この講義では、EU の対外政策を支える制度について概観した上で、ウクライナ危機で
の EU の役割について考えたい。
第7回(平成 26 年 10 月 21 日)EU 統合における文化摩擦と共生
神戸大学大学院国際文化学研究科教授
坂井
一成
今日の EU は、域内での主にイスラム圏からの移民受入をめぐる摩擦、他方でアラブ
の春やウクライナ危機が発生するなど、地中海・中東から旧ソ連まで至る広大な近隣地
域との共生の課題を抱えている。これらの問題の多くは歴史、宗教、言語、民族性、そ
してアイデンティティといった文化的要素をめぐって先鋭化してきている。こうした課
題の解決・解消に向けて、EU はどのような戦略をとっているのかについて検討したい。

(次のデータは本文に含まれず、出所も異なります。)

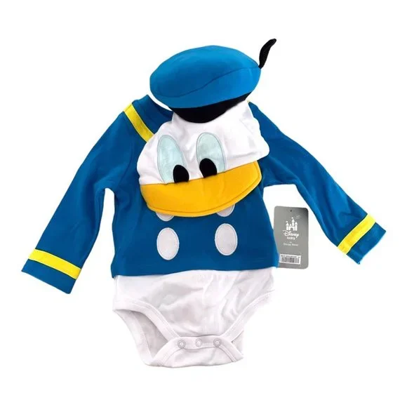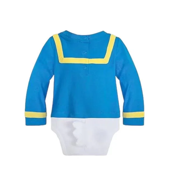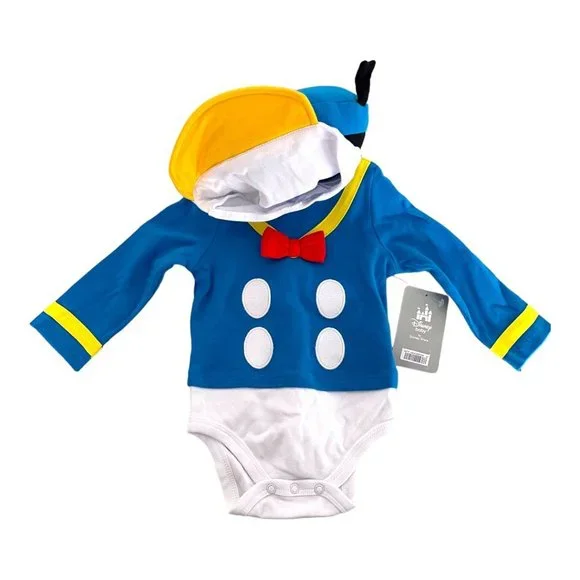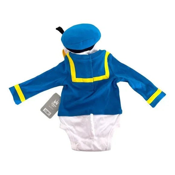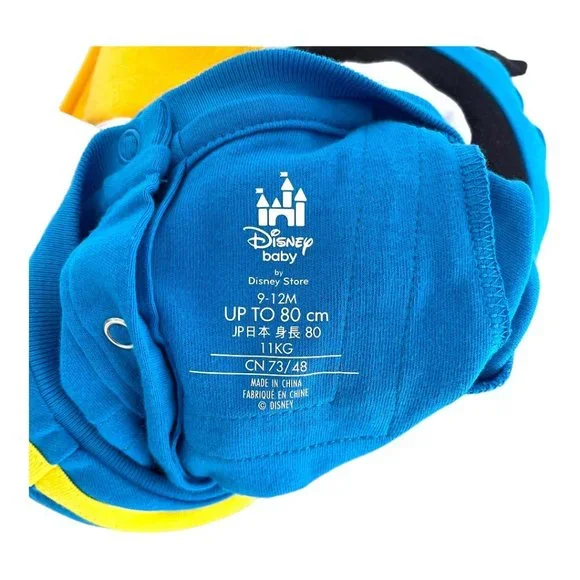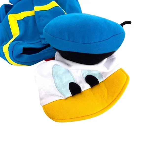 Disney Store Disney Baby Donald Duck Costume Bodysuit for Baby 9-12 MonthsGenuine, Original, Authentic, Disney Store Inspired by Donald Duck’s signature sailor suit, this adorable baby bodysuit costume will really quack you up. Includes a fuzzy ducktail in back, plus character beanie cap with foam bill and soft-stuffed hat.Includes Donald Duck bodysuit and beanie capCostume bodysuit with appliqué and embroidery decorationBowtie appliqué at frontLong sleevesRibbed necklineFuzzy ducktail at backSnaps at back for easy on and offSingle row of snaps inside legCharacter beanie cap features embroidered elements, foam-filled bill, and padded sailor hatSize: 9-12MCondition: New With TagsNew to ? Use the invitation code KATKEN2 for $10 off your first order.

第8回(平成 26 年 10 月 28 日)EU 統合と福祉国家改革
神戸大学大学院国際文化学研究科准教授
近藤
正基
EU 統合が各国の福祉国家改革にどのように影響を及ぼしているのかについてお話し
します。まず、EU における福祉国家の多様性について解説します。四つのタイプの福
祉国家があることを説明した後に、EU の影響力行使の経路について説明します。その
上で、どのような影響力行使が採用されているのか、福祉国家のタイプによって EU か
らの影響力が異なるのかどうかなどについてお話しします。
第9回(平成 26 年 11 月 4 日)EU 統合の法的深化
神戸大学理事(副学長)・法学研究科教授
井上
典之
超国家的連合体としての EU が立憲国家と同じ法的仕組みの下で進化してきた流れと
現状を以下の項目によって簡単に講述する。
EU の法的基盤
1
・超国家的連合体としての EU
・EU を知ること=条約を理解すること
・1992 年以降の欧州連合条約(マーストリヒト条約、アムステルダム条約(シェンゲン
協定の組み入れ)からニース条約まで)
・2009 年リスボン条約
2
ヨーロッパの人権保障
・ローマ条約による基本的自由の保障
・現在の EU 市民の基本権保障
・EU における基本権保障の三重構造
・EU 基本権の特徴
・加盟国における基本権理解の対立
・EU 市民の自由・平等と人間らしい生活保障
まとめとしての EU の今後の可能性
3
第 10 回(平成 26 年 11 月 11 日)EU の東方拡大とロシア
神戸大学大学院経済学研究科教授
吉井
昌彦
2000 年代、中東欧・南東欧諸国への EU 東方拡大は進み、加盟が問題となるのは、今
や旧ユーゴの数カ国とアルバニアだけになった。さらなる EU の東方拡大はどうなるの
だろうか。あるいは、EU はウクライナに代表される旧ソ連ヨーロッパ諸国とどのよう
な関係を築こうとしているのだろうか。そのような中で、ロシアはどのようなポジショ
ンをとろうとしているのだろうか。本講義では、このような問題を考えることにより、
EU の将来を占っていきたい。